In the context of the exercise provided, the ideal gas law is applied to calculate the number of moles of helium initially in the balloon, and then to find out how the volume changes as the atmospheric pressure decreases when the balloon rises. This direct application of the ideal gas law is crucial in predicting the behavior of the balloon under different atmospheric pressures while keeping the temperature constant.

Atmospheric Pressure

Atmospheric pressure is the force exerted by the weight of the Earth's atmosphere on any surface it comes into contact with. It is usually measured in units such as millimeters of mercury (mmHg) or atmospheres (atm), among others. At sea level, standard atmospheric pressure is defined as 760 mmHg or 1 atm.

Atmospheric pressure is not constant; it decreases as altitude increases because the atmosphere becomes less dense and there are fewer air molecules to exert pressure. This is a critical concept when considering the expansion of a helium balloon released from sea level, as experienced in our exercise.

As the balloon rises to higher altitudes, it encounters lower atmospheric pressure, which allows the gas inside the balloon to expand because less external pressure is opposing the gas's expansion. This principle is integral to understanding why the balloon's volume increases as it ascends and ultimately helps us predict whether or not the balloon will burst at a specific altitude given the maximum volume specified by its manufacturer.

Helium Balloon Expansion

Helium balloon expansion is a result of the delicate balance between the internal pressure exerted by the helium gas and the external atmospheric pressure pressing against the balloon's surface. When a balloon filled with helium rises in the atmosphere, it expands because the atmospheric pressure outside decreases, reducing the force on the balloon's exterior.

Following the ideal gas law as the balloon's ascent leads to lower atmospheric pressures, the same amount of gas (in moles) will occupy a larger volume if the temperature remains constant, as demonstrated in the exercise provided. This expansion phenomenon is based on Boyle's Law, one of the specific gas laws, which states that for a given mass of gas at constant temperature, the volume of the gas varies inversely with the pressure.

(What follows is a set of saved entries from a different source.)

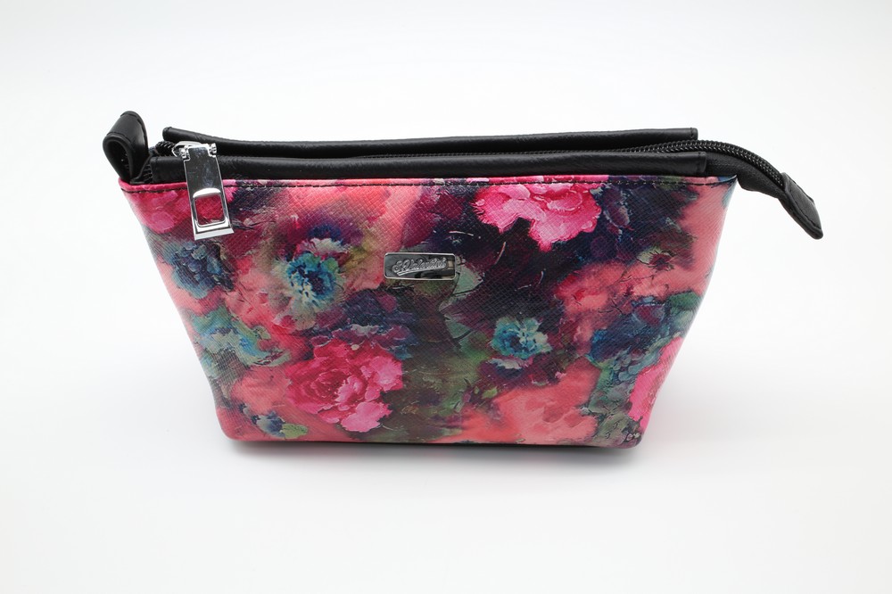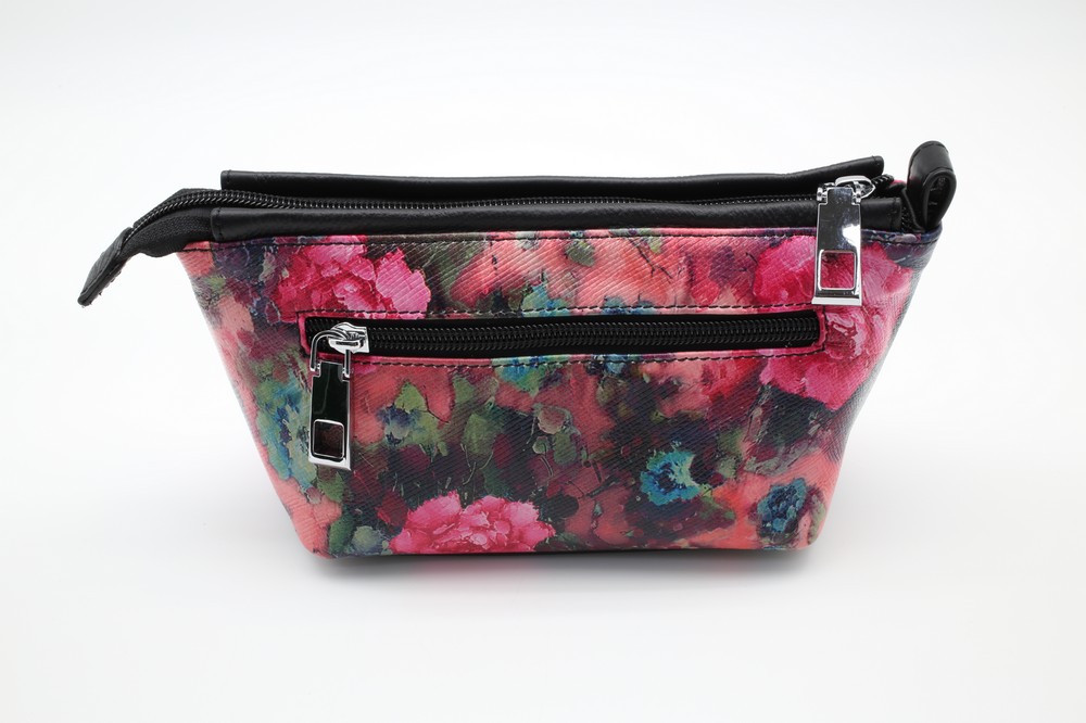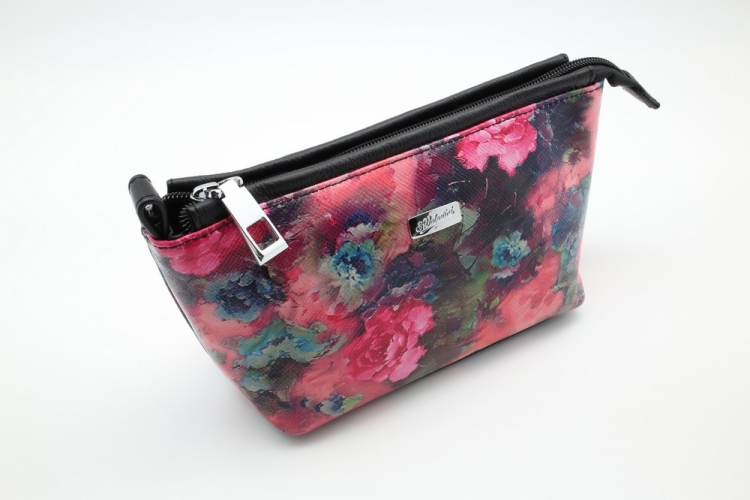 Размер 23 х 12 х 8 см. Закрывается на молнию. Внутри одно отделение и шесть боковых кармашков на подкладке. Снаружи, на тыльной стороне, карман на молнии.
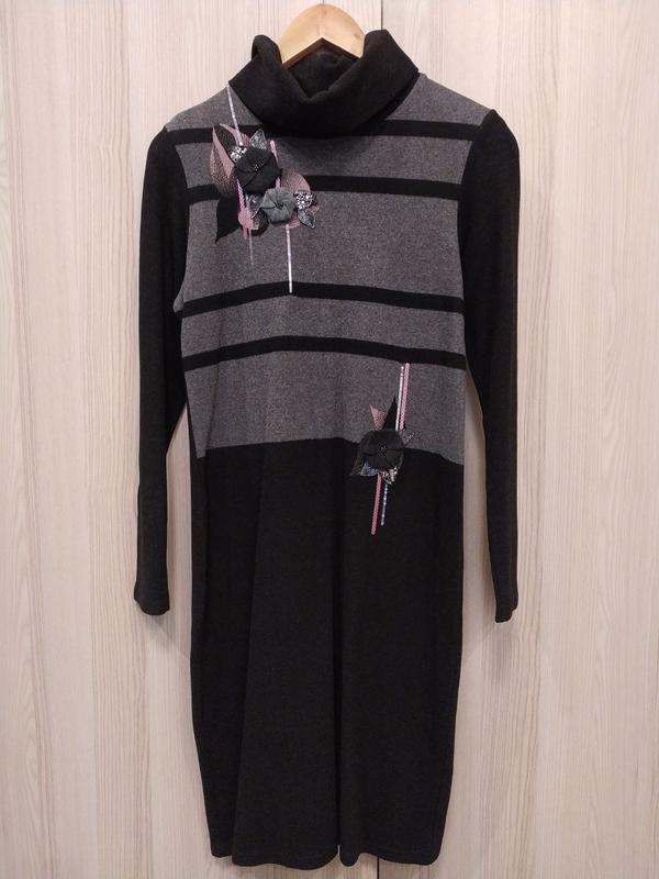 Платье ZAPS коллекция Польша размер XL из плотной черной ткани, перед с серыми вставками, украшен накладными цветами, маечками, бисером..., отложной ворот гольф. Ткань приятная на ощупь, очень мягкая. Удачно подобранные цвета отделки спереди. (без бумажной бирки). Состав 82% вискоза, 12% полиамид, 6% эластан. Замеры в свободном состоянии ткани плюс тянется легко, без перетягивания: ПОГ 45 см плюс 4 см, ПОталия 40 см плюс 4 см, ПОБ 44 см плюс 4 см, пройма 1/2 23 см, длина рукава от плеча 61 см, плечи 40 см, длина от горловины до низа 96 см. Платье выполнено из качественной ткани, выглядит стильно и дорого. Платье теплое. фото 6-10- предложения продавца
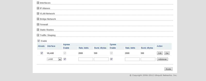 Para 2000 Kb de down e 500 Kb de up, na Interface WLAN, na parte Ingress coloque em Rate 2000 e na parte Egress, coloque em Rate 500.
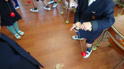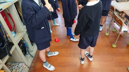 休み時間には、教室でけん玉や楽器を演奏してみんな楽しく過ごしています。
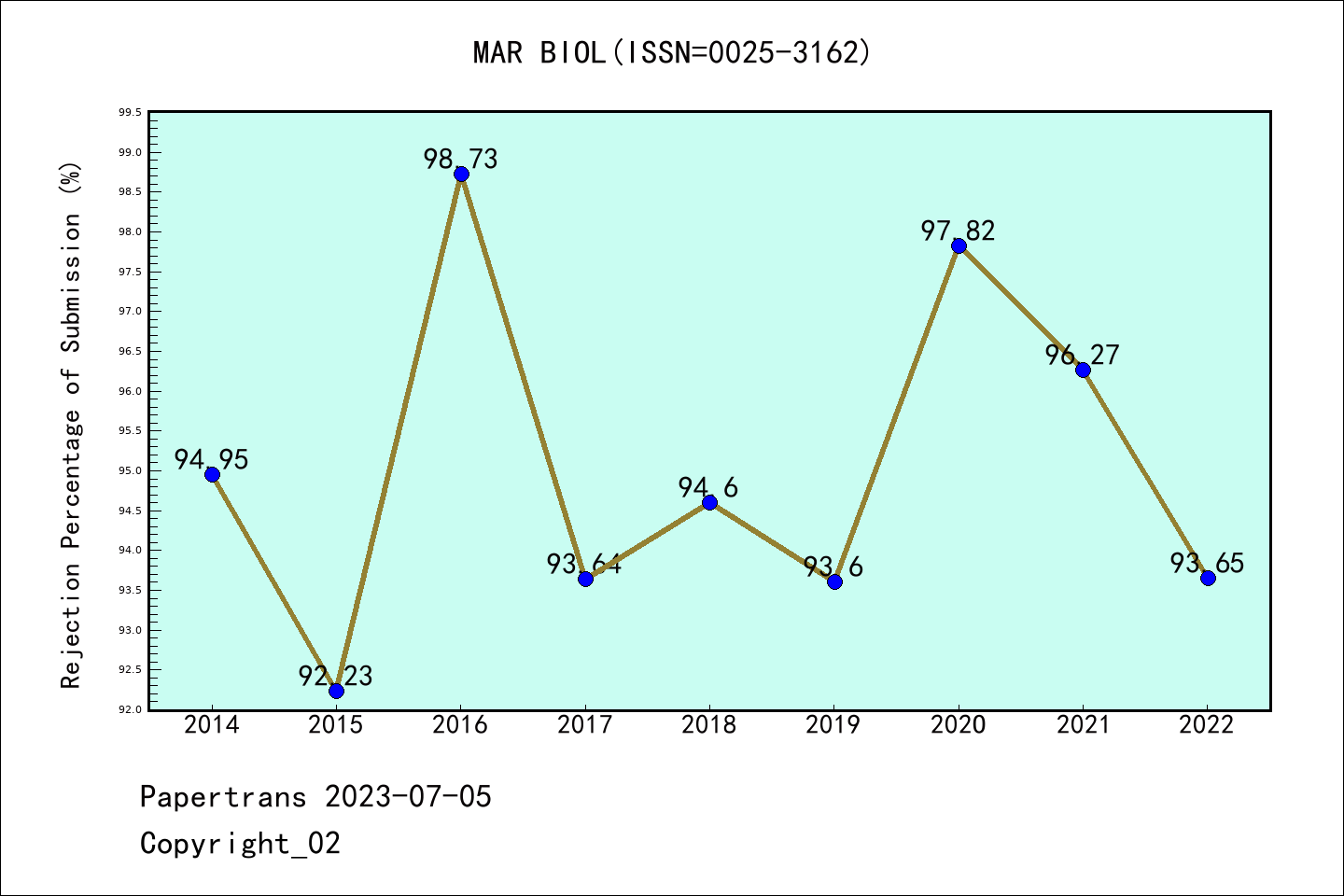 SCIE期刊MARINE BIOLOGY历年拒稿占比
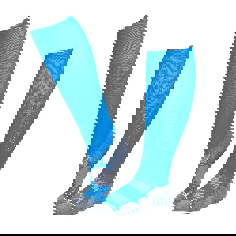 Coldstream Morriston performance boot socks come in blue with a logo design. Built for unisex adult wear, they include mesh panels and ventilated sections for added airflow, alongside moisture control and breathable Coolmax fabric technology.
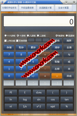 桌面科學(xué)計(jì)算器是一款界面特別簡(jiǎn)潔,功能特別強(qiáng)大的桌面科學(xué)計(jì)算器軟件,支持十六進(jìn)制、十進(jìn)制、八進(jìn)制、二進(jìn)制、函數(shù)計(jì)算等等的所有計(jì)算功能、結(jié)果可保存,非常好用。
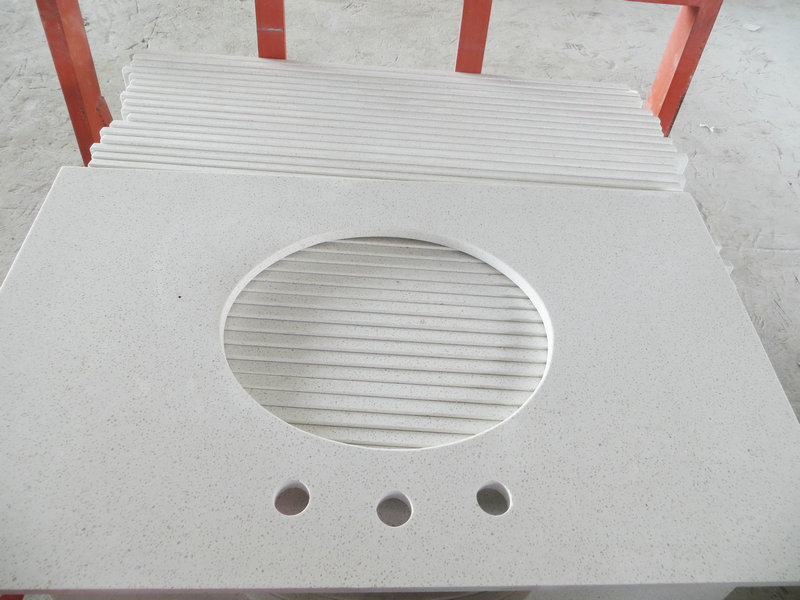 Blizzard Quartz Vanity Top works very well with white cabinets and give the freshness in the room.This bathroom quartz colors are challenging to achieve and we are especially thrilled with the combination of dark cabinets. If you are thinking to put Blizzard quartz engineered stone countertops for your bathroom you must love the clean white look that you will be getting.
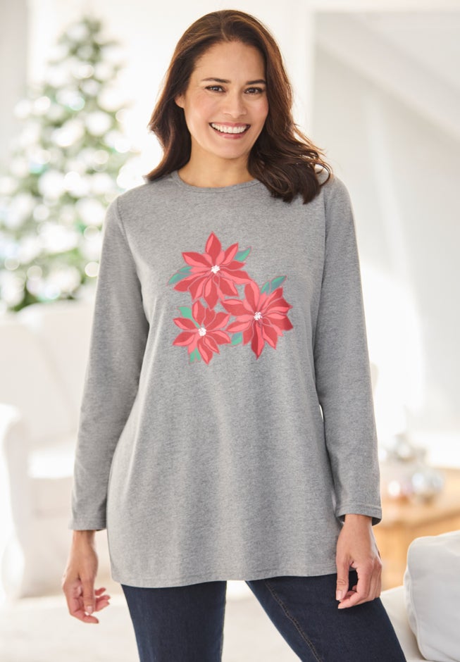 Item Number: 1007060Celebrate the season with these super cute graphic screen printed tees featuring festive motifs. Comfy jersey pairs with a relaxed fit and long sleeves to keep you cheery. Perfect for gifting.
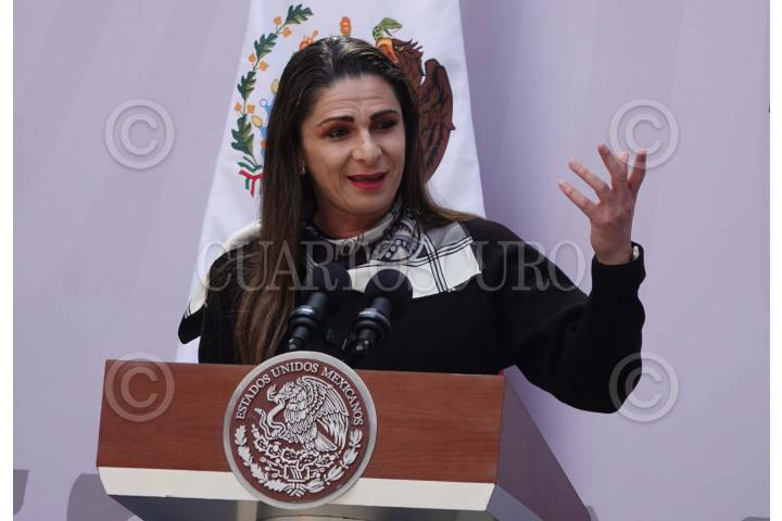 CIUDAD DE MÉXICO, 15AGOSTO2024.- Ana Gabriela Guevara, directora de la CONADE, durante su participación en el Abanderamiento de la Delegación Mexicana, realizada en el Patio Central de Palacio Nacional. FOTO: GRACIELA LÓPEZ /CUARTOSCURO.COM
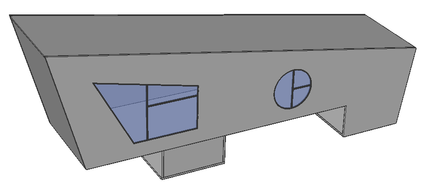 Das Fenster wird mit dem ausgewählten Stil an der Wand erstellt. Die folgende Abbildung zeigt den linken Fensterstil mit drei Paneelen, der zum Erstellen der Fenster auf der Wandfläche ausgewählt wurde.

The importance of understanding helium balloon expansion cannot be understated, especially in contexts such as meteorological data collection using weather balloons, which have to withstand significant changes in atmospheric pressure without bursting. The insights from the ideal gas law also have broader implications in engineering, environmental studies, and even in medical applications such as the use of breathing gases in healthcare.